> _Description of the task_: Print each line below verbatim, skipping every picture.

------------------------------------------------

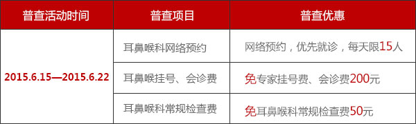 “喜迎端午,感恩父亲”耳鼻喉公益巡诊活动特为耳鼻喉患者开通网络提前预约通道。同时,根据患者咨询,30分钟问诊,3个月跟踪服务,建立长期健康档案。为保证患者就医质量,网络预约每天限15人。
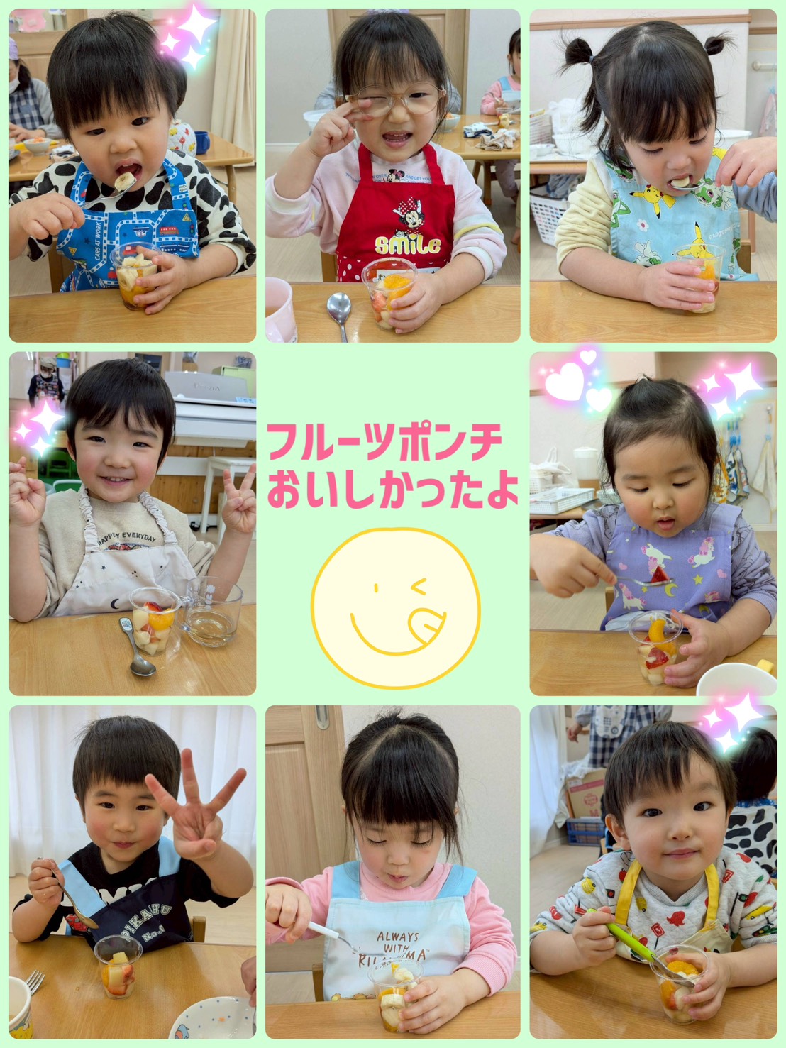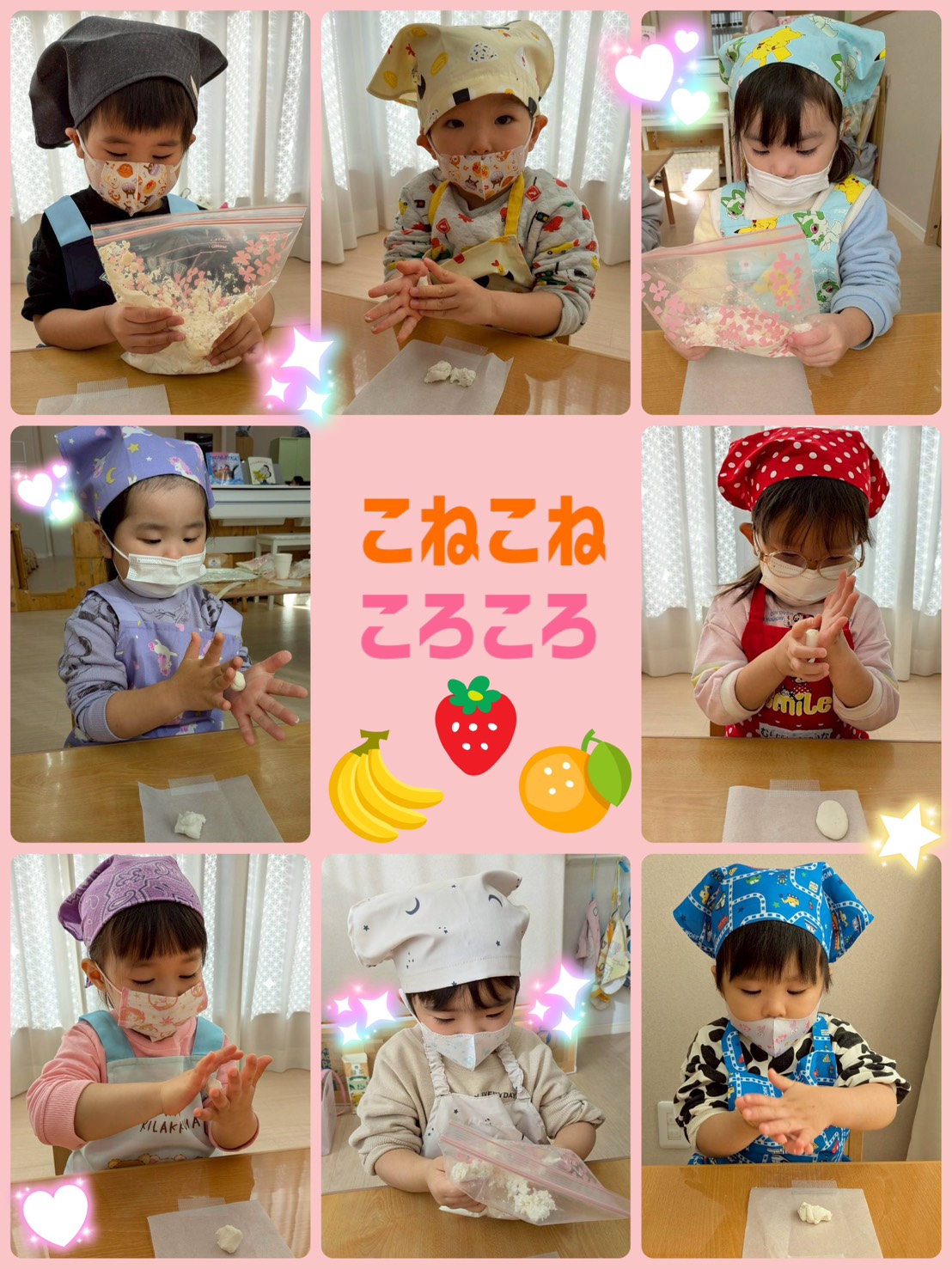楽しいクッキング🎶 うさぎ組 2026年01月21日 待ちに待ったクッキング✨ 「今日は楽しみにしていたクッキングで〜す🎶」「ヤッター✨」「イェーイ🥰」と歓声が挙がったうさぎ組さん。 豆腐と白玉粉の種を、コロコロ🤗ペタペタ😊 白玉団子を作りました。 給食のデザートは、フルーツポンチ🍓🍌🍊🍑 「美味しいね〜🥰」「またやろうね✨」みんな いっぱい食べました❣️
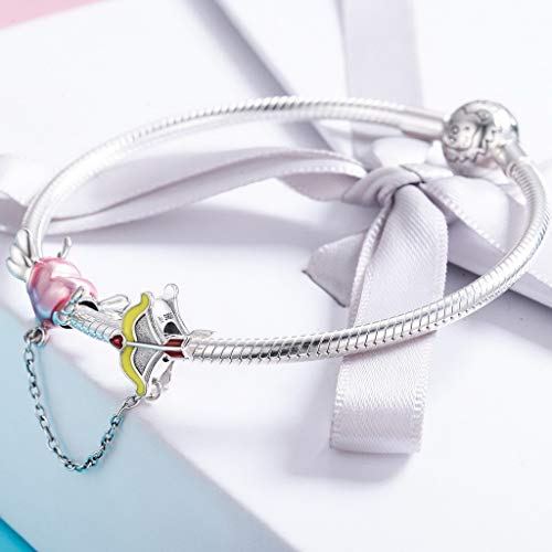 PAHALA 925 Sterling Silver Enamel Romantic Heart Arrow Safety Chain Charm Bead
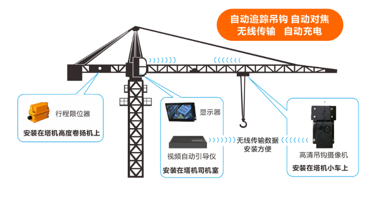 將攝像機安裝在塔式起重機大臂的最前端或者吊鉤上方,拍攝區(qū)域不會被其它物體遮擋,鏡頭可自動追蹤吊鉤,自動對焦,司機可清晰的看到拍攝畫面,根據拍攝畫面自主判斷吊裝情況,結合信號員的引導達到雙保險的效果。
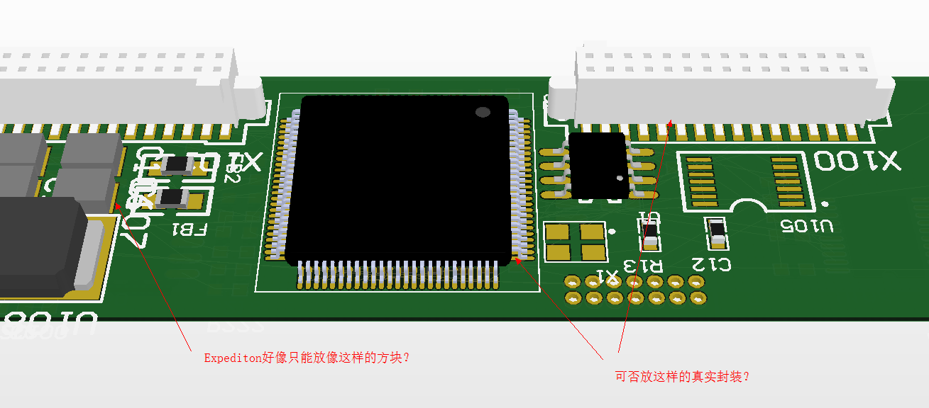 如下图是AD中的3D显示,Expedition如果设置了元件的尺寸和高度,也可以显示简陋的灰色3D, 但是我想要真实的3D模型。在Library Manager和Cell Editor里面没找到入口,请问如何实现?还是说Expedition没有此功能?

------------------------------------------------

> _Solution for this problem_:
 “喜迎端午,感恩父亲”耳鼻喉公益巡诊活动特为耳鼻喉患者开通网络提前预约通道。同时,根据患者咨询,30分钟问诊,3个月跟踪服务,建立长期健康档案。为保证患者就医质量,网络预约每天限15人。
楽しいクッキング🎶 うさぎ組 2026年01月21日 待ちに待ったクッキング✨ 「今日は楽しみにしていたクッキングで〜す🎶」「ヤッター✨」「イェーイ🥰」と歓声が挙がったうさぎ組さん。 豆腐と白玉粉の種を、コロコロ🤗ペタペタ😊 白玉団子を作りました。 給食のデザートは、フルーツポンチ🍓🍌🍊🍑 「美味しいね〜🥰」「またやろうね✨」みんな いっぱい食べました❣️
 PAHALA 925 Sterling Silver Enamel Romantic Heart Arrow Safety Chain Charm Bead
 將攝像機安裝在塔式起重機大臂的最前端或者吊鉤上方,拍攝區(qū)域不會被其它物體遮擋,鏡頭可自動追蹤吊鉤,自動對焦,司機可清晰的看到拍攝畫面,根據拍攝畫面自主判斷吊裝情況,結合信號員的引導達到雙保險的效果。
 如下图是AD中的3D显示,Expedition如果设置了元件的尺寸和高度,也可以显示简陋的灰色3D, 但是我想要真实的3D模型。在Library Manager和Cell Editor里面没找到入口,请问如何实现?还是说Expedition没有此功能?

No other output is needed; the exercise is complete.